Beautiful stairway and ceiling in the building
We passed by the Old Library which houses the Book of Kells, created in around 800 AD by monks on a remote island off the coast of Scotland who fled to Kells, County Meath after being constantly attacked by marauding Vikings.  The Book of Kells was brought to Trinity College for safekeeping in 1654.   There was a long lineup waiting in the rain to enter the library for a viewing.  Apparently, only two pages of the book are available to see.  We had already decided to skip a visit here.

Lineup outside the Old Library

Statue in Library Square

Outside the Arts and Science building

Hall of Honour- 1937 Reading Room
We then walked for about 30 minutes through a part of Dublin we hadn't seen yet to the Irish Museum of Modern Art (IMMA).   IMMA is housed in the old Royal Hospital Kilmainham, designed by Sir William Robinson and built between 1684 and 1687 as a retirement home for soldiers.  It fulfilled this role until 1928, after which it languished for nearly 50 years until a 1980s restoration turned it into the Irish Museum of Modern Art.

After Irish independence, it ended up as a storage facility for the National Museum of Ireland.  The restoration began in 1984 and it opened in 1991.  There was another major restoration between
2012-13.
Walking through the gates to IMMA

Entrance to the museum
The main purpose of our visit was to see the temporary exhibit entitled Life above Everything: Lucian Freud and Jack B. Yeats.  The Exhibit is part of the Freud Project 2016-21, a major five-year initiative for IMMA, where 52 works by painter Lucian Freud (1922-2011) are on loan by private lenders to the museum's collection.  During the project, IMMA will present a series of Freud -related exhibitions each year.  Freud's relationship to Ireland is one of the key interests of the Freud Project.
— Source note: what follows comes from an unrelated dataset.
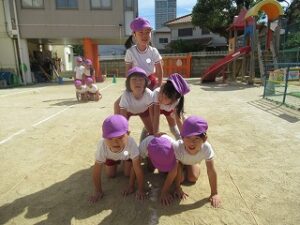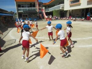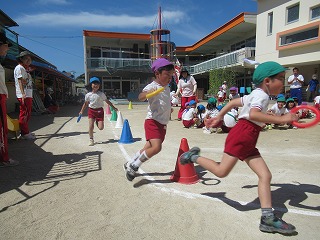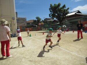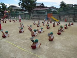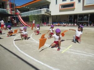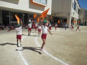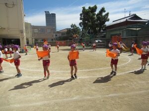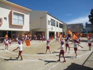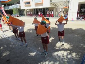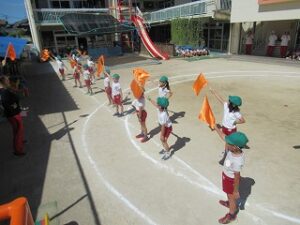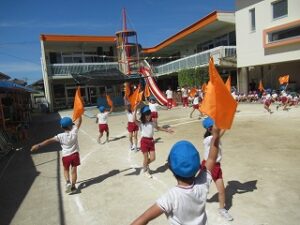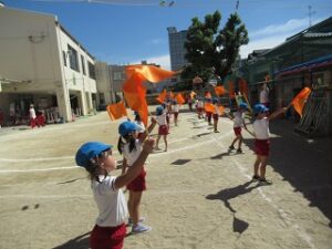 動きに添って、バサッとかっこいい旗の音が園庭に響いていました!
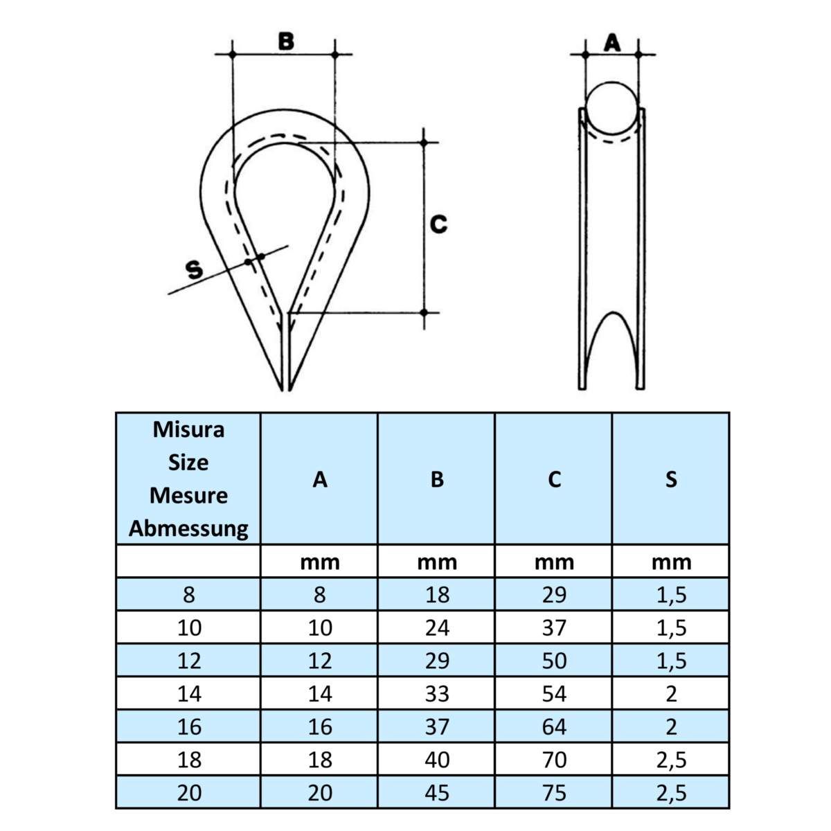 Redancia in acciaio inox AISI 316. Viene utilizzata principalmente per proteggere le asole delle funi dal contatto e dall'attrito con perni e punti di sollevamento e ancoraggio. Accessorio fondamentale per salvaguardare l'integrità della fune, non ha né portata né caratteristiche meccaniche. Disponibile in varie misure.

The exhibit takes place in a separate small building called the Freud Centre.
Freud Centre building
Signage outside building for the exhibit
The present exhibit is the fourth exhibit to be presented as part of the series.  The exhibit explored Freud's work alongside fellow painter Jack Butler Yeats (1871-1957), whom he deeply admired.  Freud had a common purpose with Yeat's originality and independence and his sense of the connection between painting and life.  A pen and ink drawing by Yeats, The Dancing Stevedores (c.1900), hung on the wall beside Freud's bed for over 20 years.

The exhibit also explores Freud's connections to Dublin and Connemara in the 1940s and 1950s as well as Yeats's connections to Britain.  The galleries focused on some of their common interests including dogs and horses; double-figure paintings; realism and changes in painting styles.   Unfortunately, photos could not be taken, but I found some images from the exhibit on the Internet (see below).

It was a fantastic exhibit, especially since we had already seen a number Jack Yeats's paintings at the National Gallery and the Hugh Lane Gallery.


Yeats- Two Travellers 1942
Freud- Double Portrait 1985-86


Yeats- From the Tram Top 1927 (features Yeats himself)

Yeats- People in a Street (1936)













Yeats- Portrait Figure of an Irish Gentleman  1900-10

Freud-Girl with Roses

Freud- Girl with Beret (1951-52). It was only recently discovered that the sitter was Irish actor Helena Hughes, one of the actors at The Gate Theatre in Dublin that went on to a career in London in film and Theatre in the 1950s.


We took the tram back into the city centre and stopped for an Irish Whiskey at The Dingle Whiskey Bar, which had a lengthy list of both Irish and Scottish whiskeys.  The bartender made a couple of suggestions and we had two of the Irish single pot still classics-  I had Redbreast and Ailín had Green Spot.  Both were delicious.  It was nice to get out of the rain and warm up with the whiskey.

Our whiskey being poured at the bar-- Green Spot and Redbreast

It was a lovely cozy bar
Sláinte! (Cheers)



After our whiskey, we headed across the river and had dinner at Le Bon Crubeen, an Irish twist on French cuisine.  I had mussels and frites and Ailín had Chicken Supreme.  A glass of the local Five Lamps beer worked well with the meal, especially since our apartment is one minute from the historic  Five Lamps.